When you deliver a plus seven on trends, you are doing things right. Delivery, value, and innovation are key drivers. Our marketing pipeline looks strong, with exciting plans for Q3 and Q4 that we feel good about.

DG
David GibbsPresident and COO

While we had a strong first half, we expect trends to return closer to our long-term guidance range in Q3 and beyond, as laps get tougher.

KS
Keith SiegnerVice President, Investor Relations

Next question, please?

AC
Andrew CharlesAnalyst

Great, thanks. Following up on Dennis’ question, regarding the tortilla shortfall at Taco Bell in early July, can you speak to its scope and impact on sales? Should we expect any residual drag in August?

GC
Greg CreedCEO

The supply issue was limited to 10-inch tortillas for items like quesadillas and burritos, impacting us for about nine days. It did have a very minimal impact on sales. We have addressed these shortages with our supplier and are working to ensure we won’t run into this again.

KS
Keith SiegnerVice President, Investor Relations

We have time for one more question, please?

BB
Brian BittnerAnalyst

Can you talk more about the accelerating unit openings at KFC globally?
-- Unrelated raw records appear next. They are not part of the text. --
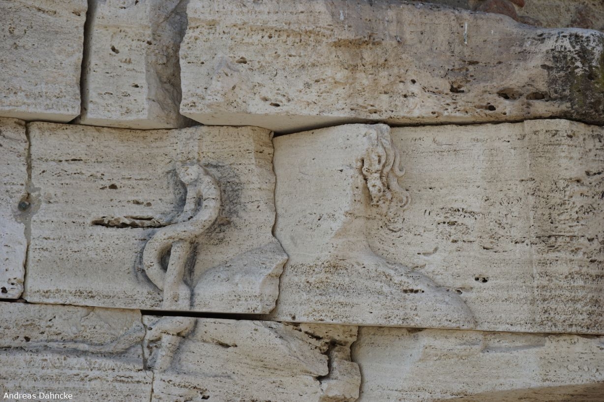 Details am alten Schiff von Aesculapius: Äskulap und der Stab mit der Schlange, Tiberinsel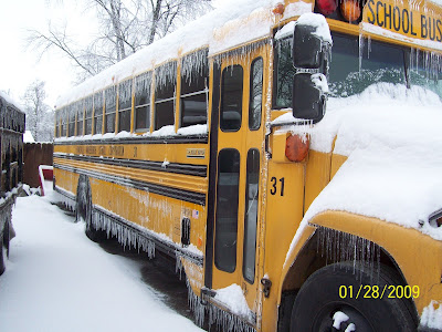My school bus with ice hanging on it.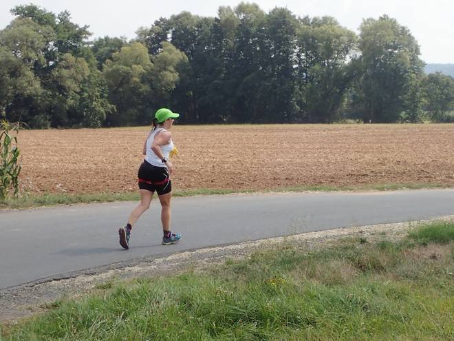 Wambacher Weg 13.37 Uhr / Km 37,8 Nach dem mentalen Tief bei Kilometer 32 bis 37 holte ich mich nun selbst zurück in den positiven Bereich. |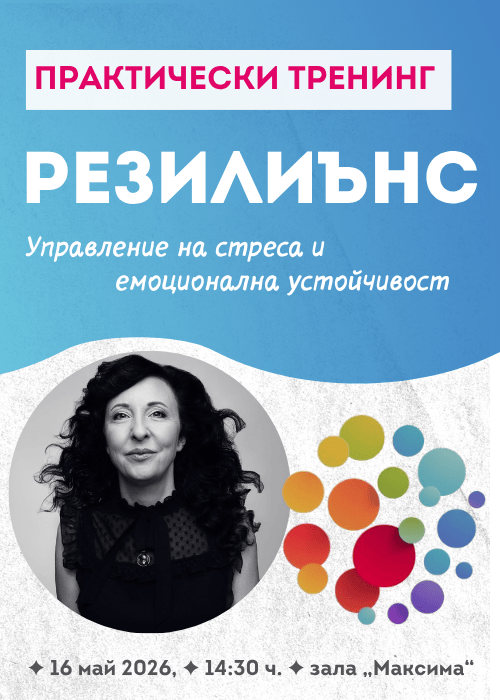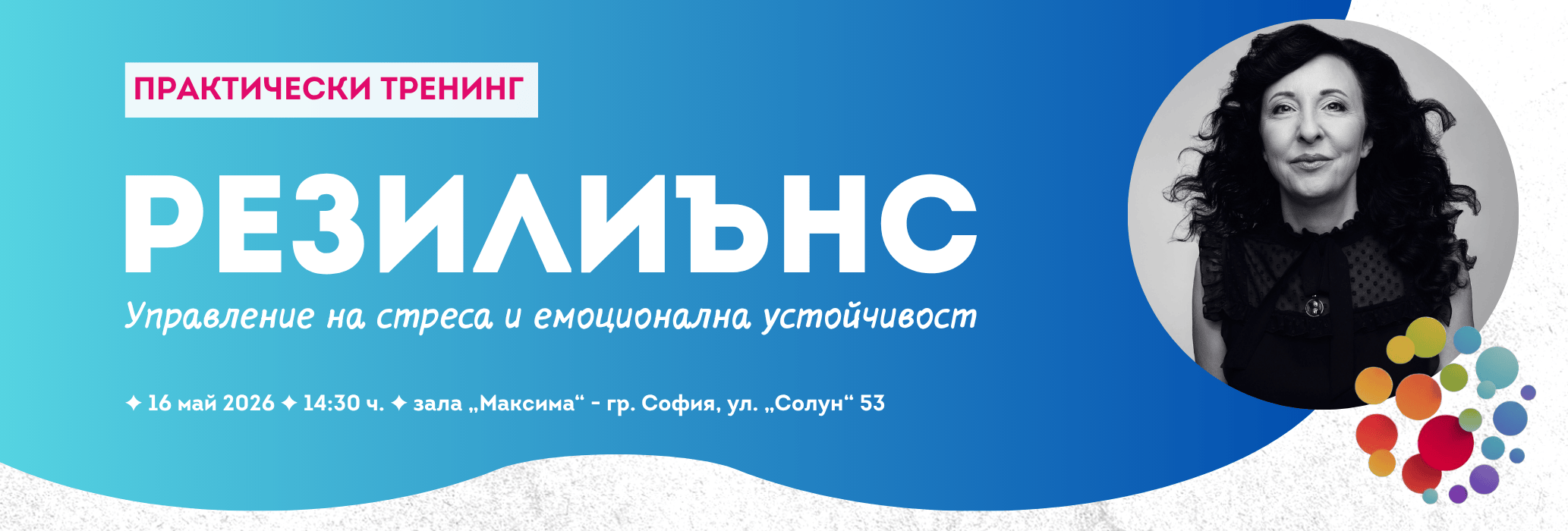 На 16 май (събота) от 14:30 ч. в зала Максима, гр. София, ул. Солун 53, ще се проведе практически тренинг РЕЗИЛИЪНС: Управление на стреса и емоционална устойчивост.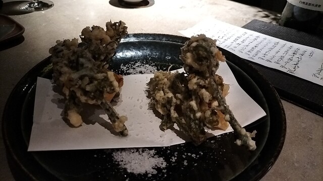 つまみにタイの出汁、里芋唐揚げ、天ぷら、チーズの味噌漬をオーダーし、どれも素晴らしいですね◎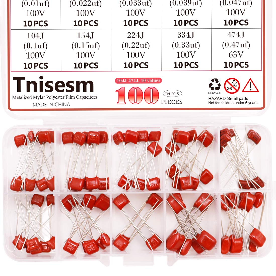 - Original Capacitors – 100 Pcs 10 Value Metalized Mylar Polyester Film Capacitors Assortment Kit 103nF - 474nF 100V and 63V in a Box Tn-20-5 by Tnisesm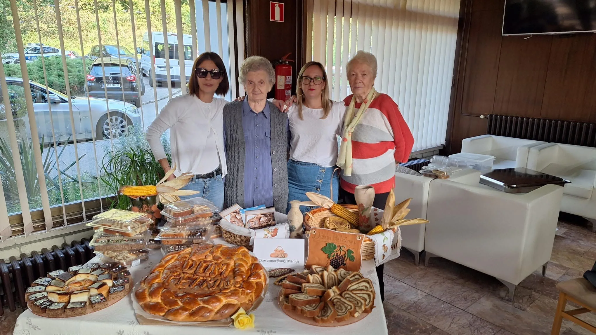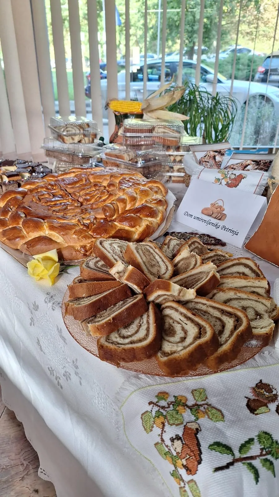 Djelatnici kuhinje Doma ove godine pripremili su prekrasnu pogaču s imenom ustanove, pravu domaću “orehnjaču”, kolač od rogača i kokosa te tako u pravom sjaju predstavili našu ustanovu na izložbi. Stol Doma Petrinja nije prošao nezapaženo pa su korisnici Doma bili jako ponosni na svoju kuću i izložene radove.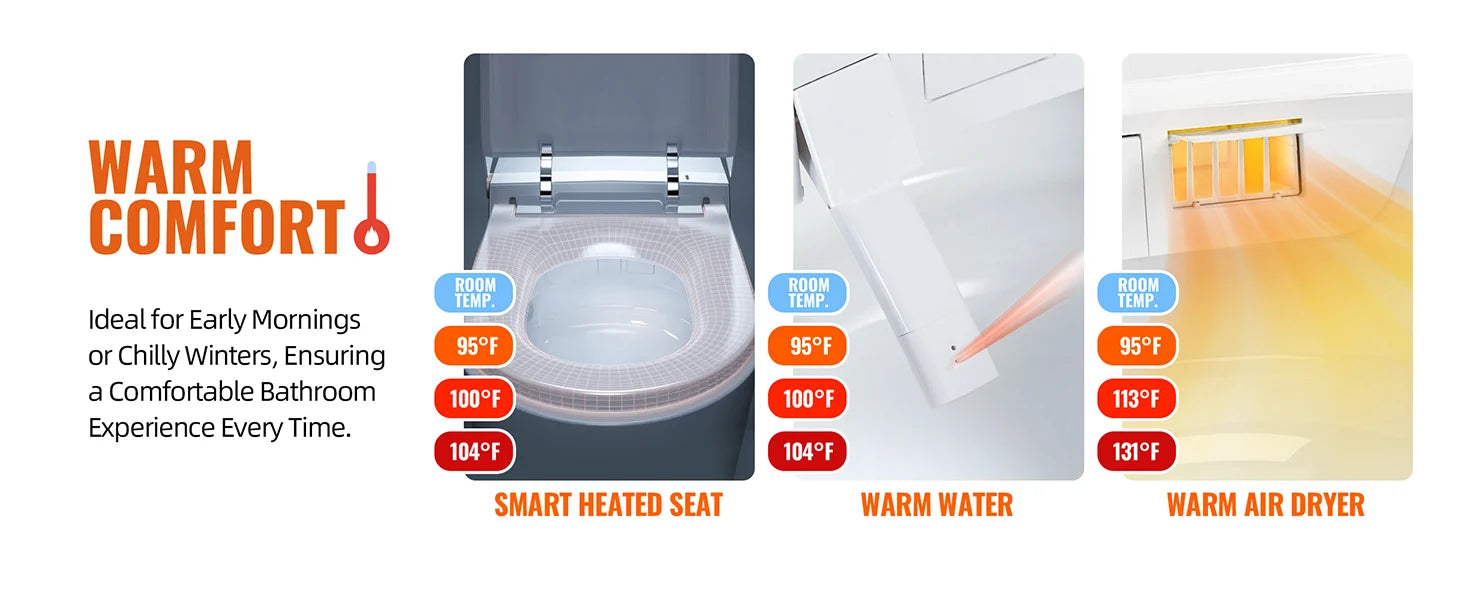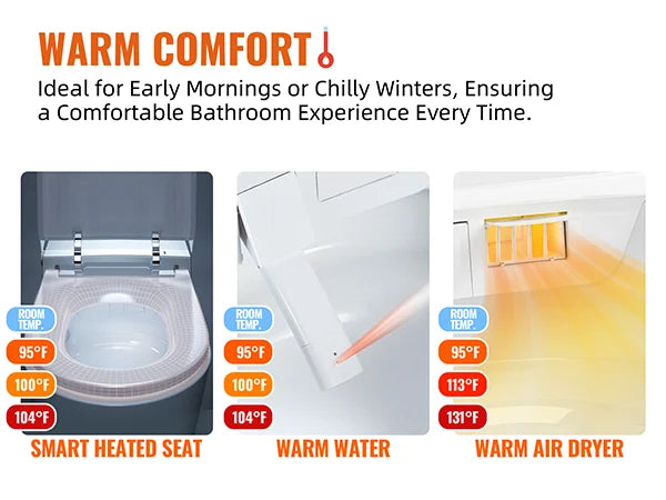 WARMING & COMFORT: Enjoy unmatched comfort with our bidet toilet, designed with a smart heated seat, an integrated bidet offering instant warm water with adjustable temperature and pressure, and a warm air dryer with customizable temperature settings. Perfect for chilly mornings or cold winters, it ensures a cozy and enjoyable bathroom experience every time.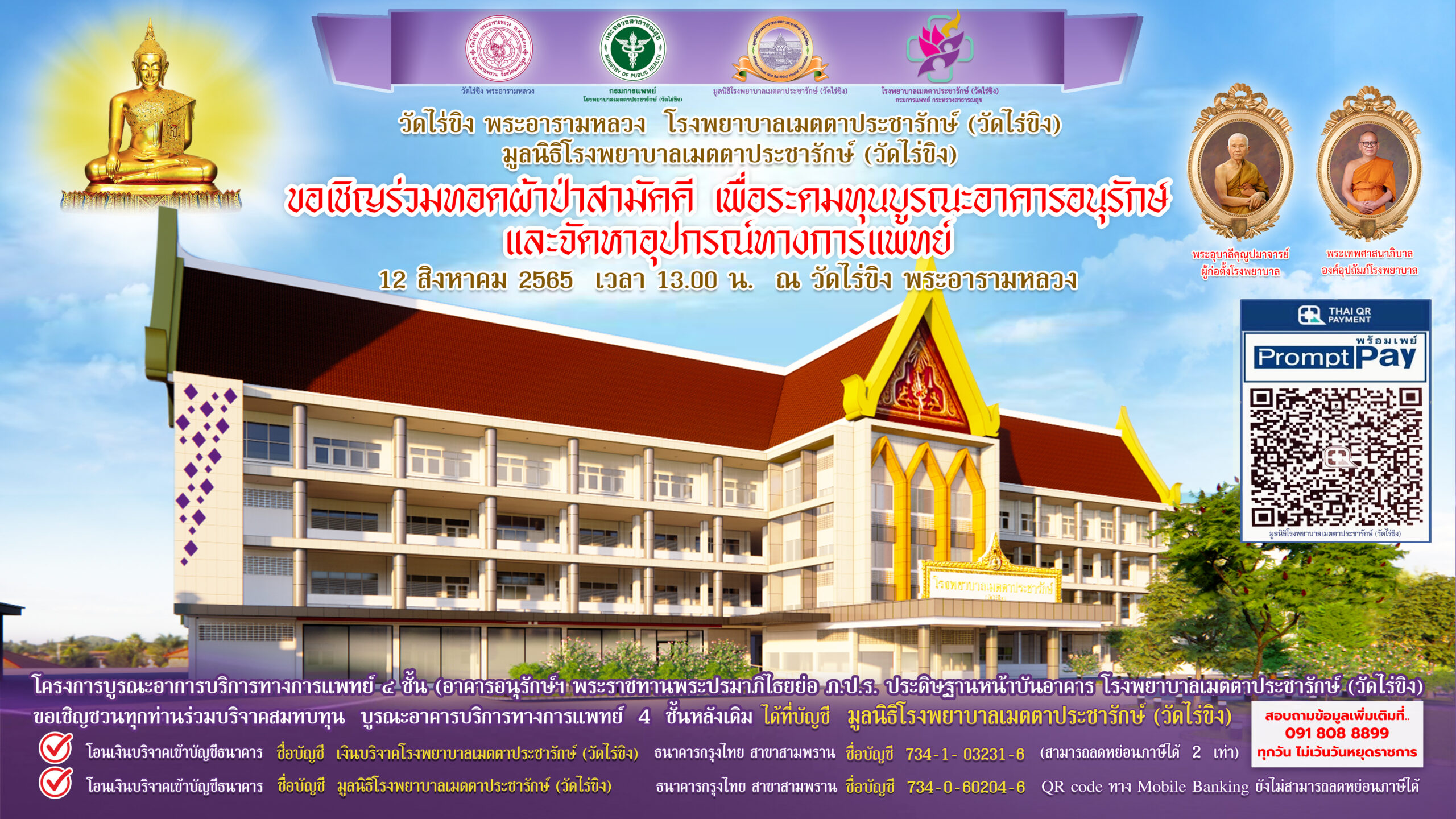 โรงพยาบาลเมตตาประชารักษ์ (วัดไร่ขิง) ขอเชิญร่วมเป็นเจ้าภาพทอดผ้าป่าสามัคคี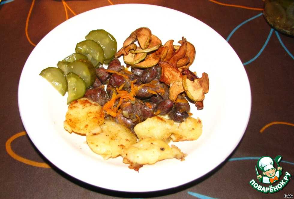 Сухофрукты сок не дают, чем и радуют. Прелесть их - в кисленьком вкусе. В сочетании с сердечками - оригинально и вкусно. -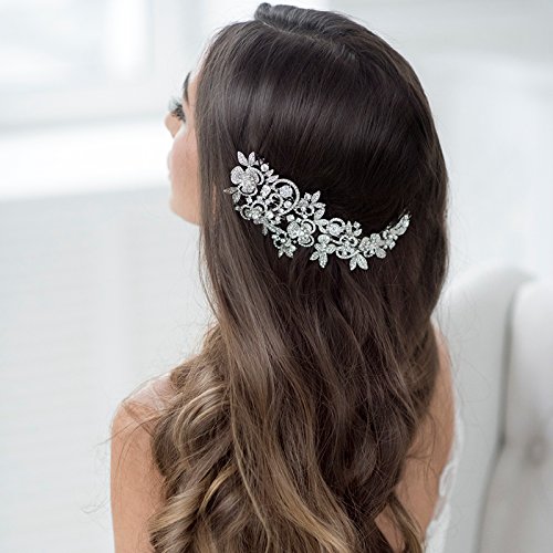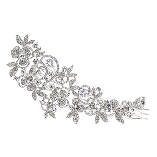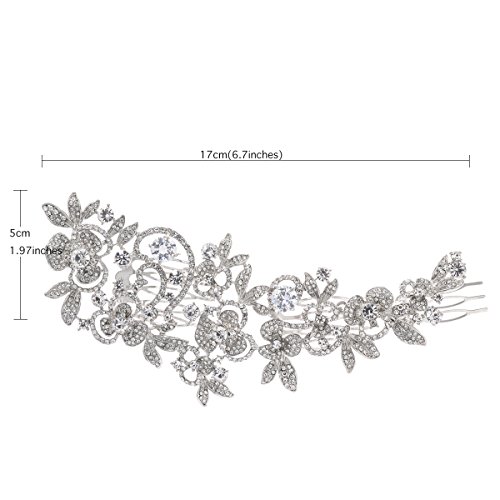 Sparkly Long Flower Hair Comb Rhinestone Hairpins Bridal Wedding Hair Accessories Jewelry Austrian Crystals Hair Clips FA5027 (Clear)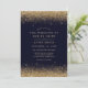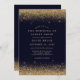 Comemore em estilo com este convite moderno para o casamento, apresentando detalhes luxuosos de confete de ouro contra um fundo azul marinho profundo. Este convite incorpora elegância e sofisticação, perfeito para casamentos noturnos ou celebrações glamourosas. A combinação de cores ricas e o design contemporâneo criam um convite memorável adequado para qualquer estação — primavera, verão, outono ou inverno.

I know China is a big part of it, but outside of China, are you seeing improvements? Is KFC becoming a consistent system sales growth driver?

DG
David GibbsPresident and COO

We’re pleased with KFC development progress and it is strengthening each quarter. We will not provide guidance by brand, but we will continue to support growth by capitalizing on system sales growth.

GC
Greg CreedCEO

Thank you all for being on the call today. I am thrilled to share our strong Q2 results, with broad contributions from all our iconic brands. We expect slower growth in the second half of 2019 due to more challenging laps, but I am confident our strong business and unrivaled culture will deliver lasting growth and maximize shareholder value in 2019 and beyond. Thank you for being part of the call.

Operator

Ladies and gentlemen, this concludes today's call. Thank you all for joining, and you may now disconnect.